Si Gold-Sud a été érigée en commune d’arrondissement en 1996, Aïda Sow Diawara est membre du conseil municipal depuis sa création. Ce qui lui a permis de se forger une solide expérience en occupant les postes de conseiller, d’adjoint, jusqu’à être maire en 2009 avec la coalition Benno Siggil Senegaal.

Mais la représentante du Bureau politique national et du Comité central du Parti socialiste ne sera pas reconduite, malgré ce bilan très appréciable. Le président de la République a choisi un autre candidat pour la commune de Golf-Sud, en la personne de Lat Diop, pour diriger la liste de Benno Bokk Yaakaar lors des prochaines élections locales de janvier 2022. Un choix que la principale intéressée a accepté sans sourciller.

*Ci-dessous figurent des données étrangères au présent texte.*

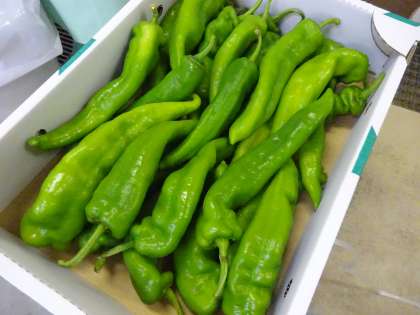 今日の給食は,麦ごはん・牛乳・平天の煮つけ・京野菜のごまみそかけでした。京都でとれた新鮮な「万願寺とうがらし」「賀茂なす」に,手作りのごまみそをかけて食べました。昨日は,伏見とうがらしのおかか煮に,「伏見とうがらし」を使っていました。この2日間,夏の京野菜をおいしくいただくことができました。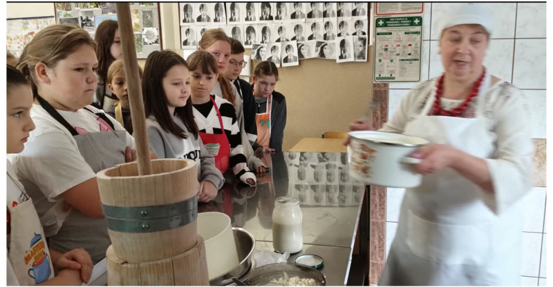 Tradycja znów zapachniała w powietrzu. Uczniowie naszej szkoły uczestniczyli w niezwykłych warsztatach kulinarnych prowadzonych przez panią Lucynę Jasińską i panią Danutę Kozimor z Koła Gospodyń Wiejskich w Nadolanach. Dzieci poznawały dawne metody wyrabiania masła i sera, ubijały śmietanę w maselnicy i obserwowały, jak z prostych składników powstaje złociste masło oraz domowy ser o naturalnym, aromatycznym smaku. Degustacja własnych wyrobów pokazała, że smak tradycji to coś więcej niż potrawa— to wspomnienie i więź z historią.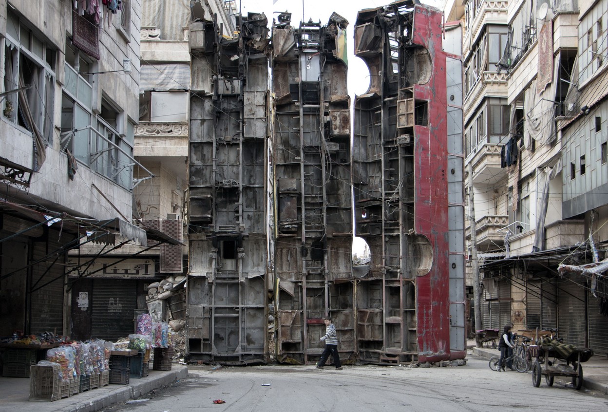 Baricadă din autobuze ce apără localnicii din orașul Alep (Siria) de gloanțele lunetiștilor. Războiul sirian care a început în 2012 cu un conflict, s-a transformat pe parcurs într-o luptă interconfesională. Părțile combatante sunt forțele guvernamentale și formațiunilor înarmate, pe de o parte și grupele de rebeli înarmați (în mare parte islamiști) — pe de altă parte. Cel mai mult a avut de suferit orașul Alep, în care s-au dus lupte îndelungate, fiind un punct strategic pentru ambele părți combatante. Localnicii sunt nevoiți să se adapteze luptelor continue și să se apere cum pot.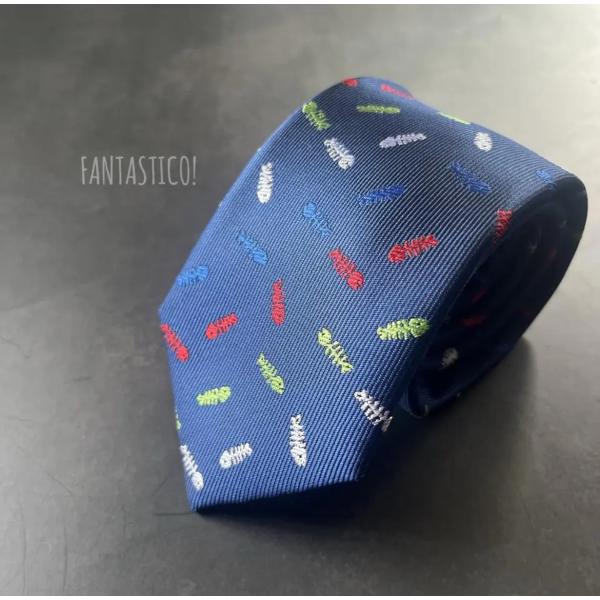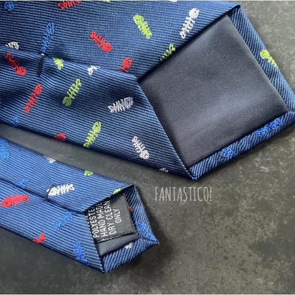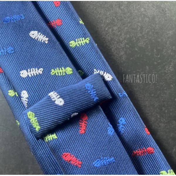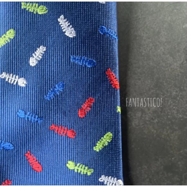 【僕の好きなことネクタイ】魚の骨柄刺繍ネクタイ♪父の日プチギフトお祝プレゼント フィッシュボーン釣りフィッシングカラフル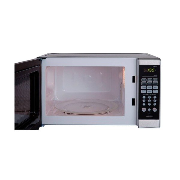 Horno Microondas en color gris de 20 lts que complementa su diseño. Con panel digital en español, 10 niveles de potencia, sistema de apertura con manija externa y cuenta con 6 programas predeterminados.

Même si cela n’a pas été le cas dans sa base politique.

Une mairesse de moins, malgré le peu de femmes maires

Une candidate de moins et surtout une belle chance de perdue pour les femmes qui s’inquiètent d’une diminution de leur ratio déjà famélique de femmes maires au cours de ces Locales.

Selon les statistiques, il y a 15 femmes maires sur 557, soit un pourcentage de 2,69 %, et deux femmes présidentes de conseil départemental sur 45, soit 4,44 %. Si 55 % de la population de Golf-Sud est constitué de femmes, sur toutes les listes qui ont été investies à Guédiawaye au sein de la coalition Benno Bokk Yaakaar, aucune tête de liste n’est une femme.

A l’image du projet Voix et leadership des femmes au Sénégal (VLF-Sénégal) porté par le Centre d’étude et de coopération internationale (Ceci), des initiatives sont prises afin de contribuer à une participation politique massive des femmes, lors des élections locales de janvier 2022.

Toutefois, l’introduction, dans le Code électoral, de l'élection au suffrage universel direct pour les élus locaux qui, jusqu’ici, étaient élus par les conseillers municipaux, risque de compliquer la donne.

En effet, cette disposition pourrait réduire considérablement le nombre de femmes maires ou présidentes de conseil départemental, dans la mesure où elles sont rarement têtes des listes électorales.